On his pieces of work, the writer has said: «I have had, for long, the obsessive feeling that the world I belong to is blurring day a day, and that it may disappear even though I am still alive. My novel is born out of this feeling. In The Disoriented, I was inspired by the greater freedom of my youth. I spent it with my friends who believed in a better world. Even if none of the book characters matches a real person, none is entirely fiction. I have drunk from my own dreams, ghosts, remorse, as well as from my memories.
It is true that his homeland is one of those who call for nostalgia. A place of clashes as well as of coexistence of different religious and cultural traditions, one of intellectual and political richness during his university years, from then on it has undergone periods of armed conflicts which have altered its character and created that image of a world that is vanishing away. Some people still think that their existence has no sense but there, in that country of delicate balances; others feel that they are already out of place, and that they just can come back there to pass through.
Is that unnamed country the same I spent my youth years in? Yes and no. Undoubtedly I have taken it as a model, but trying to search precise references to places and dates will be in vain. Nevertheless, what I have just said is not only an explanation with the benefit of hindsight. The truth is that I have not felt for a moment that I should call that country by its name. It is undoubtedly a revealing fact of the complex feelings which it still inspires in me. And it will inspire me until the end of my days. »
Amin Maalouf
He was born in Beirut (Lebanon) in 1949, in the bosom of a Catholic Arab family. Son to Ruchdi Maalouf, poet, painter and journalist, he studied Economics, Politics and Sociology and, following the traditional family path, he became journalist. He worked for the newspaper An Nahar as chief of the international section and he travelled through countries such as India, Bangladesh, Ethiopia, Somalia, Kenya, Yemen and Algeria, sometimes as war correspondent. In Vietnam he witnessed the battle of Saigon. In 1975, after the Lebanon war started and like some of his own book characters, Maalouf also became an exile in France, where he has lived then on and where for a while he was journalist in magazines such as Jeune Afrique and An-nahar Arabe et International.
Currently he is uniquely focused on literature and lives periods of the year in a fisherman’s house in the Channel Islands, where he writes his novels. His texts have been translated into more than twenty languages. Most of Maalouf’s books are developed within a historical framework and in them he combines historical facts with fantasy and philosophical concepts. His texts are written with the ability of a true narration master, they offer a refined sensible vision of the values and attitudes from the different cultures in the Middle East, Africa and the Mediterranean world.
Amin Maalouf has been awarded the Maison de Presse prize for his novel Samarkand and the Goncourt one for Rock of Tanios.
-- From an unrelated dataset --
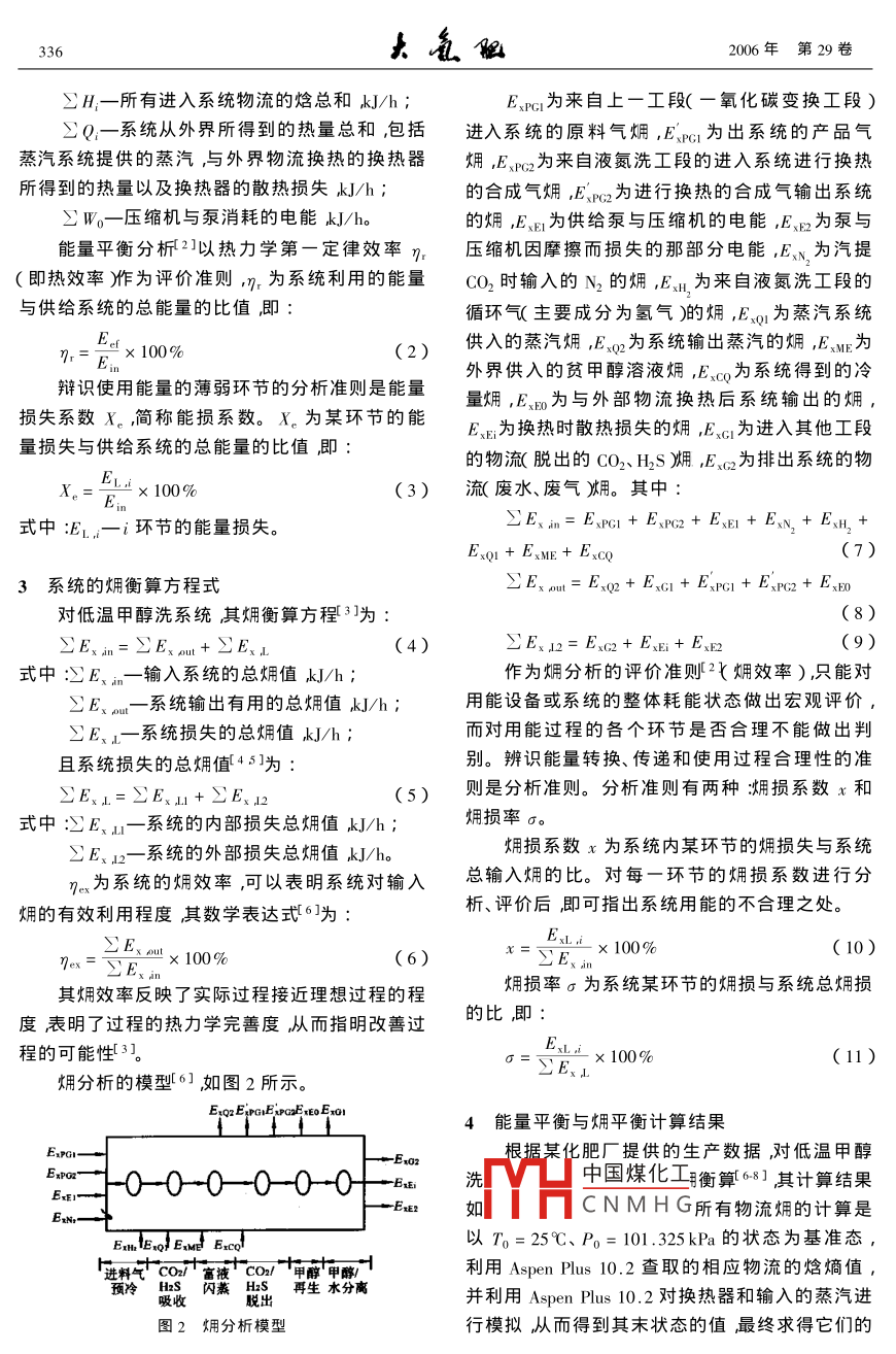2006年10月Oct,2006第29卷第5期Large Scale Nitrogenous Fertilizer IndustryVol 29 No 5低溫甲醇洗過(guò)程爛分析雷云霞馮霄(西安交通大學(xué)化工系陜西西安,710049)摘要根據(jù)某化肥廠合成氨系統(tǒng)中的低溫甲醇洗工段的工藝建立了爛分析模型。對(duì)甲醇洗系統(tǒng)進(jìn)行了烱分析并且與能量分析進(jìn)行了比較分析系統(tǒng)用能的薄弱之處提岀相應(yīng)的改進(jìn)措施。關(guān)鍵詞低溫甲醇洗系統(tǒng)傭分析改進(jìn)途徑中圖分類號(hào):rQ113.26文獻(xiàn)標(biāo)識(shí)碼B文章編號(hào):002-578x200605-0335-04在凈化氬氣的一系列工段中需要耗費(fèi)大量1低溫甲醇洗系統(tǒng)的組成的能量。為了揭示系統(tǒng)用能的合理性達(dá)到節(jié)能低溫甲醇洗系統(tǒng)采用林德技術(shù)五塔流程分的目的本文采用以熱力學(xué)第二定律為基礎(chǔ)的烔為冷區(qū)和熱區(qū)。冷區(qū)由甲醇洗滌塔、二氧化碳解分析法對(duì)凈化氬氣工藝中的低溫甲醇洗工段進(jìn)吸塔和硫化氬濃縮塔組成;熱區(qū)由甲醇熱再生塔行分析和甲醇/水分離塔組成流程如圖1SIcCHE3SIc圖1低溫甲醇洗系統(tǒng)流程CI—甲醇洗滌塔匯2—二氧化碳解吸塔;3—-硫化氬濃縮塔;4—甲醇熱再生塔;5—甲醇/水分離塔;I-原料氣;2一尾氣3-CO3δ4一產(chǎn)品氣δ5一N2S6-H2S7一廢水8—甲醇⑧9一—H2S10—來(lái)自液氮洗工段進(jìn)行換熱的合成氣“1|一換熱后的合成氣配—原料氣冷卻器Σ一甲醇氨冷器霪3—循環(huán)甲醇冷卻器;4—甲醇冷卻器;—甲醇/水分離罐;V2-1循環(huán)氣閃蒸罐;3一2*循環(huán)氣閃蒸罐;4—硫化氬分離罐;5一甲醇閃蒸罐整個(gè)系統(tǒng)主要是為了凈化來(lái)自一氧化碳變換2系統(tǒng)的能量衡算方程式工段的進(jìn)料氣。由于一氧化碳變換后的變換氣中對(duì)于低溫甲醇洗系統(tǒng),它的能量平衡方程1除了含有氨合成反應(yīng)所需要的H2、N2以外還含為有CO、CO2、H2S以及COS等成分這些氧化物和中國(guó)煤化工:w(1)硫化物都是合成氨催化劑的毒物然而CO2又是式THCNMHG物流的焓總和A/h生產(chǎn)尿素的原料而且一氧化碳、硫化物又可進(jìn)步回收利用故在此采用低溫甲醇洗滌法得到純收稿日期2006-03-07收到修改稿日期200607-25。凈H2的同時(shí),又對(duì)它們分別脫出并加以回收利作者簡(jiǎn)介雷云霞女,1980年出生,西安交通大學(xué)化學(xué)工程用專業(yè)碩士研究生。E- mail yxlei@ stu. xJtu,edu,cn2006年第29卷∑H一所有進(jìn)入系統(tǒng)物流的焓總和kJ/hEsr為來(lái)自上一工段(一氧化碳變換工段)∑Q一系統(tǒng)從外界所得到的熱量總和,包括進(jìn)入系統(tǒng)的原料氣嫻,E1為出系統(tǒng)的產(chǎn)品氣蒸汽系統(tǒng)提供的蒸汽與外界物流換熱的換熱器嫻,E、為來(lái)自液氮洗工段的進(jìn)入系統(tǒng)進(jìn)行換熱所得到的熱量以及換熱器的散熱損失kJ/h的合成氣,E為進(jìn)行換熱的合成氣輸出系統(tǒng)∑W一壓縮機(jī)與泵消耗的電能kJ/h的,E、E為供給泵與壓縮機(jī)的電能,E為泵與能量平衡分析2以熱力學(xué)第一定律效率n壓縮機(jī)因摩擦而損失的那部分電能,EN為汽提(即熱效率作為評(píng)價(jià)準(zhǔn)則,為系統(tǒng)利用的能量CO2時(shí)輸入的N2的嫻,EM為來(lái)自液氮洗工段的與供給系統(tǒng)的總能量的比值即循環(huán)氣主要成分為氫氣)的烔,E、o為蒸汽系統(tǒng)E7r=p×100%(2)供入的蒸汽烔,E2為系統(tǒng)輸出蒸汽的煩,E3M為外界供入的貧甲醇溶液烔,E3c為系統(tǒng)得到的冷辯識(shí)使用能量的薄弱環(huán)節(jié)的分析準(zhǔn)則是能量量爛,E為與外部物流換熱后系統(tǒng)輸岀的燸損失系數(shù)κ。簡(jiǎn)稱能損系數(shù)。X。為某環(huán)節(jié)的能E、.為換熱時(shí)散熱損失的,E、c為進(jìn)入其他工段量損失與供給系統(tǒng)的總能量的比值即的物流(脫出的CO2H2S嫻,E2為排出系統(tǒng)的物EX,=E=×100%(3)流廢水、廢氣冰用。其中式中:E1,一i環(huán)節(jié)的能量損失∑E、m=E、P1+E、P+EE1+EN+E3H,+E3系統(tǒng)的煳衡算方程式∑E3xmt=E、+En+EP1+E2+E對(duì)低溫甲醇洗系統(tǒng)其畑衡算方程3)為(8)∑Exmn=∑Exm+∑E(4)∑E、12=E2+E、E+E、B(9)式中E、一輸入系統(tǒng)的總焆值kJ/h作為爛分析的評(píng)價(jià)準(zhǔn)則嫻效率)只能對(duì)∑E、灬一系統(tǒng)輸出有用的總爛值kJ/h用能設(shè)備或系統(tǒng)的整體耗能狀態(tài)做出宏觀評(píng)價(jià)ΣE、』一系統(tǒng)損失的總焆值忒J/h而對(duì)用能過(guò)程的各個(gè)環(huán)節(jié)是否合理不能做出判且系統(tǒng)損失的總傭值451為別。辨識(shí)能量轉(zhuǎn)換、傳遞和使用過(guò)程合理性的準(zhǔn)∑E、=∑E、M+∑E、n2(5)則是分析準(zhǔn)則。分析準(zhǔn)則有兩種:損系數(shù)x和式中E、1一系統(tǒng)的內(nèi)部損失總煳值kJ/h傭損率σ?!艵、』2一系統(tǒng)的外部損失總煳值kJ/h烱損系數(shù)x為系統(tǒng)內(nèi)某環(huán)節(jié)的畑損失與系統(tǒng)的為系統(tǒng)的效率可以表明系統(tǒng)對(duì)輸入總輸入的比。對(duì)每一環(huán)節(jié)的損系數(shù)進(jìn)行分燈的有效利用程度其數(shù)學(xué)表達(dá)式6為析、評(píng)價(jià)后即可指出系統(tǒng)用能的不合理之處。100%(6)∑E×100%(10)∑E、其爛效率反映了實(shí)際過(guò)程接近理想過(guò)程的程煩損率σ為系統(tǒng)某環(huán)節(jié)的畑損與系統(tǒng)總損度表明了過(guò)程的熱力學(xué)

Both were published by Alianza Editorial in 1989 and 1994, respectively, along with the rest of his work: Leo Africanus (1989), The Cruzades Through Arab Eyes (1989), The Gardens of Light (1991), The First Century after Beatrice (1993), Ports of Call (1997), In the Name of Identity: Violence and the Need to Belong (1999), Balthasar’s Odyssey (2000), Love from Afar (2002) Origins: A Memoir (2004) and Le Dérèglement du monde. Quand nos civilisations s’épuisent (2009). In 2010 he received the Prince of Asturias Award laureate for Letters for his work and he has recently been elected as a member of the French Academy.